Берн думал о своем отце, как он чинил дверь сарая на Рабади в час заката. Слава, пришло ему в голову, может достаться дорогой ценой. Возможно, она не для каждого человека.
Он наклонился и погладил шею Гиллира. Эрлинги продолжали двигаться на восток, к северу от них теперь появился лес, река журчала на юге, бежала рядом с их тропой, а потом свернула в сторону. Берну не нравилась таинственная, серо-зеленая замкнутость этой земли Солнце село, последний серп голубой луны стоял перед ними, потом над головой, а потом позади. Они остановились, чтобы еще раз поесть, и поехали дальше в ночь.
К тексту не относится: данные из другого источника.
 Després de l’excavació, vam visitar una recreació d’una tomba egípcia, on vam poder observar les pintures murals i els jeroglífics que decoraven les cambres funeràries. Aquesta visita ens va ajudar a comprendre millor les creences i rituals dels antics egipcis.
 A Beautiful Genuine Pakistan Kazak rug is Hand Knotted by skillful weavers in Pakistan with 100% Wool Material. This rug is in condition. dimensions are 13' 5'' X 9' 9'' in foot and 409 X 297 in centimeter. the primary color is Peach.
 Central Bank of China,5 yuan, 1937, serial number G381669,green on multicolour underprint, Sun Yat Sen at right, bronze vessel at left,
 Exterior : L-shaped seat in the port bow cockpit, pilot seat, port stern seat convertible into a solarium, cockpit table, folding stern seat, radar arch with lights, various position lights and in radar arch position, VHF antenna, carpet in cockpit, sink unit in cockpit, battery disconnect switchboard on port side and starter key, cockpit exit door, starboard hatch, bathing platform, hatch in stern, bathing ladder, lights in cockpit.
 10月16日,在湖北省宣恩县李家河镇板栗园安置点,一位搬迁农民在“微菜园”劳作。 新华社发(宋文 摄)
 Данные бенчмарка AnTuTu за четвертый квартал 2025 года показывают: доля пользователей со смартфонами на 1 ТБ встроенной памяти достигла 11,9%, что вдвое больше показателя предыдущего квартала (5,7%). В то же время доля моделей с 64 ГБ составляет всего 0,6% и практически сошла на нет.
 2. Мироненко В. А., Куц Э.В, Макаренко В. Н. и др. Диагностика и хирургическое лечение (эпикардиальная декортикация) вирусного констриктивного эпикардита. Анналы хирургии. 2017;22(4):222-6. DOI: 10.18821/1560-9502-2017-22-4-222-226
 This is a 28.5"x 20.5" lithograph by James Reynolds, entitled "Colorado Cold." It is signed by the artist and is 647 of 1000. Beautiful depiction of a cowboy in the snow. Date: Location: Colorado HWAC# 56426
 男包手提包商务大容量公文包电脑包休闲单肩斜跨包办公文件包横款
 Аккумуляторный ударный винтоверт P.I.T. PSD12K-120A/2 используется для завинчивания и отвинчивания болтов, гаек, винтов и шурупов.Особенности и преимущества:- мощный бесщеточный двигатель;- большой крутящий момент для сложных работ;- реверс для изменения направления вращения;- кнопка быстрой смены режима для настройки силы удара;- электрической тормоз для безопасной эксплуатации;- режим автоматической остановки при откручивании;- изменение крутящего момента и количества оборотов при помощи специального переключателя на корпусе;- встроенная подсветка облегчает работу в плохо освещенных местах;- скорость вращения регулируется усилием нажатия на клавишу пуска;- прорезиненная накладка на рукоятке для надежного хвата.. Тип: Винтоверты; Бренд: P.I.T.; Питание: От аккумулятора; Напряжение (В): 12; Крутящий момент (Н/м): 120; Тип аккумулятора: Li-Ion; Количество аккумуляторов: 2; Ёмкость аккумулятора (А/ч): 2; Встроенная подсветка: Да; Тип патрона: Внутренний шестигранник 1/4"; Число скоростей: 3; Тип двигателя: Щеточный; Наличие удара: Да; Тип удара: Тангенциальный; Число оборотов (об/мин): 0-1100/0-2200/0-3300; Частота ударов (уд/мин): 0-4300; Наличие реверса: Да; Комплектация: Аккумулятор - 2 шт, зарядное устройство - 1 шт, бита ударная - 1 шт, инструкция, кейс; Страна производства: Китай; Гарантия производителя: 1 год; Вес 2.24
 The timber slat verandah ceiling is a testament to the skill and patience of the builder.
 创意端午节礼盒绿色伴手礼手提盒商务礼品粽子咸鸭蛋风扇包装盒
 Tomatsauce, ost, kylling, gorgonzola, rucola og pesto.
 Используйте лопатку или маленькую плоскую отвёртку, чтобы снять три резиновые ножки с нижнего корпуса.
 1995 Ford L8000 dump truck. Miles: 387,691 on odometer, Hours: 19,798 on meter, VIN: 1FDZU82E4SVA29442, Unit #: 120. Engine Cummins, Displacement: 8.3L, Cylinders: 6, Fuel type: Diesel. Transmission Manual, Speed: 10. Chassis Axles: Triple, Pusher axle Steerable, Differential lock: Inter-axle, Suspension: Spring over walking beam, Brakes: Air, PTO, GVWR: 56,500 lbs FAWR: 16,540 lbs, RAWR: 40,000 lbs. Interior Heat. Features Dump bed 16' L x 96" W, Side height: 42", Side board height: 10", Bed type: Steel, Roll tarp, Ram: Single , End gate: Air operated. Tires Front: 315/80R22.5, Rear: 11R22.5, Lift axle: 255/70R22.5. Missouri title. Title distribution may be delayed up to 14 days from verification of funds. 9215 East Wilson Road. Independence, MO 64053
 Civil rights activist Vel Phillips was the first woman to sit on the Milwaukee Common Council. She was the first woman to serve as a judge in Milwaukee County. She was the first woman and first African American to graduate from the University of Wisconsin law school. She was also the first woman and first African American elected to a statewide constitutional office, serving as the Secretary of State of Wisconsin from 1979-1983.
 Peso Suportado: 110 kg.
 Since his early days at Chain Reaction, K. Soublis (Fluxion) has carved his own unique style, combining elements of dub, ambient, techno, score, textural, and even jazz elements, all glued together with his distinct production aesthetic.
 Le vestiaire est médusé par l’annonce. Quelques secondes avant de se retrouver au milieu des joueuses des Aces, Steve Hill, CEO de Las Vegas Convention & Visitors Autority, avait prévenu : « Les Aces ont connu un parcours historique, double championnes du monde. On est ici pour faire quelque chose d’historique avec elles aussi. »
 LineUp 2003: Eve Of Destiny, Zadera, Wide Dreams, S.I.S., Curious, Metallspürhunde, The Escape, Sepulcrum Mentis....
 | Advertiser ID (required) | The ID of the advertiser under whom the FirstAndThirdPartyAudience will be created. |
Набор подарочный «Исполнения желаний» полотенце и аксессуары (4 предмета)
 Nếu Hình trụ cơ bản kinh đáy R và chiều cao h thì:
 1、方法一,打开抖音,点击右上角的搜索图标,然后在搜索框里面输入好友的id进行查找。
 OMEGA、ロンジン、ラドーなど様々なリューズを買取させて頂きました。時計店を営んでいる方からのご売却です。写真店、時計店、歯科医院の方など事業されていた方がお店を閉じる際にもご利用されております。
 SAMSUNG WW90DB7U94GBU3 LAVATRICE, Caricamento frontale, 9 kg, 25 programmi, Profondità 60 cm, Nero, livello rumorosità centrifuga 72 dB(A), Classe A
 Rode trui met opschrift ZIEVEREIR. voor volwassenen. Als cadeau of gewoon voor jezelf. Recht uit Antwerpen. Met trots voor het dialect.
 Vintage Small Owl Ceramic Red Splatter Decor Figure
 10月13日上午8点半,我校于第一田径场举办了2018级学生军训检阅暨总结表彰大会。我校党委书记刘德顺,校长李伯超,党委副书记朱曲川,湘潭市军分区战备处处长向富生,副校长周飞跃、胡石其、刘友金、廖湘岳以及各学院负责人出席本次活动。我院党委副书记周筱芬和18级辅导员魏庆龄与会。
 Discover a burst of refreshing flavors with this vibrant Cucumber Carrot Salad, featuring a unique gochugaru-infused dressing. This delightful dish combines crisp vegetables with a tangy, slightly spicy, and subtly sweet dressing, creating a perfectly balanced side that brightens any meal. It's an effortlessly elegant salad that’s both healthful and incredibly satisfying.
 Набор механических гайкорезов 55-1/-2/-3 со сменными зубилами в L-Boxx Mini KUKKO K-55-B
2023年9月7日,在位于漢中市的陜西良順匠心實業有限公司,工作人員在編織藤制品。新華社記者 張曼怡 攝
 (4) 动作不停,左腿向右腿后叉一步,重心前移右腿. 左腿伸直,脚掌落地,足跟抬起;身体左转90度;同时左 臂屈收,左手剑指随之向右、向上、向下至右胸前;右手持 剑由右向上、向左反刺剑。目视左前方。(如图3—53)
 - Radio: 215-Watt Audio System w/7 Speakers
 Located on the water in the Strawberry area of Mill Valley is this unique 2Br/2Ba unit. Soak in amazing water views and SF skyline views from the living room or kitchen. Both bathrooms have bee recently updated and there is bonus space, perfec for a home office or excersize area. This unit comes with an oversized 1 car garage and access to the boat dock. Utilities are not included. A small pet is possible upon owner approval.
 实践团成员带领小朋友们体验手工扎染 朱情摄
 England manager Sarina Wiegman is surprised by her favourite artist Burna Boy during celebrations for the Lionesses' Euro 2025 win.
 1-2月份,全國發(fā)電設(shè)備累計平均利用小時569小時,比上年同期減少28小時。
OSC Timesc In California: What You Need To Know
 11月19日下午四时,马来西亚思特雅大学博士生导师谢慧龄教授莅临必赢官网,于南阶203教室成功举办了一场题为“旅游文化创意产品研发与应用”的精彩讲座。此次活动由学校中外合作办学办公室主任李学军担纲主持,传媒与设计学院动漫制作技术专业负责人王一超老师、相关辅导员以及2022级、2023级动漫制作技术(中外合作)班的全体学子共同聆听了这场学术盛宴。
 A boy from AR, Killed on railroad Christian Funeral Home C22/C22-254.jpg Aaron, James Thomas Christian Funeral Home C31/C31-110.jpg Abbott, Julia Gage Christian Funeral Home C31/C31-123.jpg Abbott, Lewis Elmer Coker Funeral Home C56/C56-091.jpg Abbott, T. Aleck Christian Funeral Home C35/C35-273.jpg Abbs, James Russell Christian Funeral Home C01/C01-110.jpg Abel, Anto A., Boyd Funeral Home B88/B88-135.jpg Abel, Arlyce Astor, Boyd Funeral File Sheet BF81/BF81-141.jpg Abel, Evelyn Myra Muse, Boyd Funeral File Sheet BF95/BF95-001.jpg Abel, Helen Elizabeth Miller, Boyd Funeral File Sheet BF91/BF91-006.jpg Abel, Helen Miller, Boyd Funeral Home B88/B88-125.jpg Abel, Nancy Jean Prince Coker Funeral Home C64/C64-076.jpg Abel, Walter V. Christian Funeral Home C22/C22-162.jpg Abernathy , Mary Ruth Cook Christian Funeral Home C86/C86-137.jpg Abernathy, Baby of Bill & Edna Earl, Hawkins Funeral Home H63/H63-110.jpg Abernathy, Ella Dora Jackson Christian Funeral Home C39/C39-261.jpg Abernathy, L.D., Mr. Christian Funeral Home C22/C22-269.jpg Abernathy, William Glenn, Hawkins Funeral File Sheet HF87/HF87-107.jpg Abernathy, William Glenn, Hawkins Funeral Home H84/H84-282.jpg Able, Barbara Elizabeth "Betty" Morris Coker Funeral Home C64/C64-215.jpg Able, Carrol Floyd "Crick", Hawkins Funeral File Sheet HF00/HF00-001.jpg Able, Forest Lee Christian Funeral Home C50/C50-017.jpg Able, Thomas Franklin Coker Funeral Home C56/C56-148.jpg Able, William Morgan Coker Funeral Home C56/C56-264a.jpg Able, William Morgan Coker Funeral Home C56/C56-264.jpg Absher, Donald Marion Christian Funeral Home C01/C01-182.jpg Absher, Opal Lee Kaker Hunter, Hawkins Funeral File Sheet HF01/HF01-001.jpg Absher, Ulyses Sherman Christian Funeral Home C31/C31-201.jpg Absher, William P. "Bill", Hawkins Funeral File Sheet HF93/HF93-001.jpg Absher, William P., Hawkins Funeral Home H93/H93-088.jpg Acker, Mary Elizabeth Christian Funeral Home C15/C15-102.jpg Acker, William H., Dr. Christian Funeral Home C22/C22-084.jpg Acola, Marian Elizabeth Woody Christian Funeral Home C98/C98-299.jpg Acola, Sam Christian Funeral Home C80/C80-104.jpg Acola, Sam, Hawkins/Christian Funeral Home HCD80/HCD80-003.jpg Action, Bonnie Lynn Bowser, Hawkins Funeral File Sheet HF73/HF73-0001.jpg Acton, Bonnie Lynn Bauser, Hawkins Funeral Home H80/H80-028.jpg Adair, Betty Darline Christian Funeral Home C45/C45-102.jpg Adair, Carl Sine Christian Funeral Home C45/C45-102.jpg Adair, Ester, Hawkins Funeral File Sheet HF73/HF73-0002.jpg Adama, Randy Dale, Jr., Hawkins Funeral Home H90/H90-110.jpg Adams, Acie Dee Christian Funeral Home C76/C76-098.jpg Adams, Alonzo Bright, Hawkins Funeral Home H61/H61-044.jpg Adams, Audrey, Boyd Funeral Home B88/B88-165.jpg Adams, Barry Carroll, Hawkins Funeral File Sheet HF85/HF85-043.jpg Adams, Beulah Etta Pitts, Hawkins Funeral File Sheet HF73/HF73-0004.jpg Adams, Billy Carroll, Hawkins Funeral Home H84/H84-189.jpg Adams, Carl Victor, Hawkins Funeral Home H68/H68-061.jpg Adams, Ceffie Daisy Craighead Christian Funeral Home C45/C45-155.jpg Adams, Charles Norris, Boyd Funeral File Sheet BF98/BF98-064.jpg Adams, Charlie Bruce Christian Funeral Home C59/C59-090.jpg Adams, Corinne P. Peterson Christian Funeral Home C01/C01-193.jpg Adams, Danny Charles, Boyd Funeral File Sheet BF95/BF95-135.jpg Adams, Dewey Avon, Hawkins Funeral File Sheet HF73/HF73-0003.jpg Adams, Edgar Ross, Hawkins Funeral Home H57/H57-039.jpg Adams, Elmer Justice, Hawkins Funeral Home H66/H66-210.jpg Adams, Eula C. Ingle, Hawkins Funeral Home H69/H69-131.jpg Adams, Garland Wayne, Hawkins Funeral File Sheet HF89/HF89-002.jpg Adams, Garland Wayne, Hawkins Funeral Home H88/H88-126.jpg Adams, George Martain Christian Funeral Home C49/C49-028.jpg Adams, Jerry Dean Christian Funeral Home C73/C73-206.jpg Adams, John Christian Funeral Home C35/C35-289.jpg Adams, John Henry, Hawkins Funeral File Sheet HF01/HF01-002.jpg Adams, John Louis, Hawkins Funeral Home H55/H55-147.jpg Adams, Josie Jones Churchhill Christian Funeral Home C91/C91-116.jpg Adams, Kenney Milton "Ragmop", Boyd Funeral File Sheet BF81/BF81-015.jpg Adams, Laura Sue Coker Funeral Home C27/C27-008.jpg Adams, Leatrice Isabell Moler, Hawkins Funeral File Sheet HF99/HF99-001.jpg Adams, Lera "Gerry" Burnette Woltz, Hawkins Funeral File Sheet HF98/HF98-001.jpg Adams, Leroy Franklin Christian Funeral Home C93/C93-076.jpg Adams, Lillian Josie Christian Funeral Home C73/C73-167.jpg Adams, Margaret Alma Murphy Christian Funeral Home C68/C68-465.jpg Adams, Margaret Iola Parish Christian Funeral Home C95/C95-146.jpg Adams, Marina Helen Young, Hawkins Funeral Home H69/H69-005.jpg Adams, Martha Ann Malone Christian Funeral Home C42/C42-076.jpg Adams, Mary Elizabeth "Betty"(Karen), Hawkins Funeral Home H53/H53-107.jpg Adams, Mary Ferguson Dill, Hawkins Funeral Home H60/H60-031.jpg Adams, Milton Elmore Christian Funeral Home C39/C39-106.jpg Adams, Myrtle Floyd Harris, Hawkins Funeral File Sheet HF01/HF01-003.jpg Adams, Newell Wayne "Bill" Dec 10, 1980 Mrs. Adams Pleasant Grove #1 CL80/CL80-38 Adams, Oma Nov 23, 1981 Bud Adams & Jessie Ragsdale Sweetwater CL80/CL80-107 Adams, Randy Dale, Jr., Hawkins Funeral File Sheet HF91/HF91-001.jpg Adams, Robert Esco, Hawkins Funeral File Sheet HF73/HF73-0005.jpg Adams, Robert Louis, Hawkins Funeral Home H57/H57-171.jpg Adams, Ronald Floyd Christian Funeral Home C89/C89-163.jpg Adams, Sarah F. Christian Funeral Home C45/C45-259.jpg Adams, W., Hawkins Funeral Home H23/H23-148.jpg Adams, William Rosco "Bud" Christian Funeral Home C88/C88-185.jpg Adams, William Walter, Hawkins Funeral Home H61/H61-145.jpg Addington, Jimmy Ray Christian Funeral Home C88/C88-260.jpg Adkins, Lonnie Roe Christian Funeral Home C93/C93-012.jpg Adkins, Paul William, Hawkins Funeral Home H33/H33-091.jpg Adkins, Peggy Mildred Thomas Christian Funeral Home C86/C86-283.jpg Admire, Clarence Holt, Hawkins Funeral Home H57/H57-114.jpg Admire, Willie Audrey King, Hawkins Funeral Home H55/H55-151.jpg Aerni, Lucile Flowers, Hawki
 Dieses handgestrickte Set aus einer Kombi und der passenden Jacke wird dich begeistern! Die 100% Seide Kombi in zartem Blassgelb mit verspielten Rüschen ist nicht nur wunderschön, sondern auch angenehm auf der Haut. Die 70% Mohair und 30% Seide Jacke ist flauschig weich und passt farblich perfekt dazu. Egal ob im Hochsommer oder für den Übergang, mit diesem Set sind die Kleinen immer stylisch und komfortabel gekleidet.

Они были наемниками Йормсвика, могли обходиться без сна ночь или две, чтобы получить преимущество неожиданности. Быстрота лежит в основе набега: ты высаживаешься, наносишь удар, оставляешь за собой смерть и ужас, берешь все, что хочешь, и исчезаешь. Если не можешь этого сделать, тебе среди них не место, тебе не следует находиться на ладьях с драконами на носу, ты такой же слабак, как те, кого ты пришел убить.
Ты можешь с таким же успехом быть козопасом или торговцем.
По крайней мере, утро наступило более погожее. Кажется, туманы остались позади. Эрлинги двигались дальше.
В конце дня, когда подул ветер и по небу быстро побежали белые облака, их встретил Брин ап Хиул с отрядом своих людей. Эрлинги взбирались на склон холма, а сингаэли ждали их наверху. Не слабые, не удивленные и не испуганные.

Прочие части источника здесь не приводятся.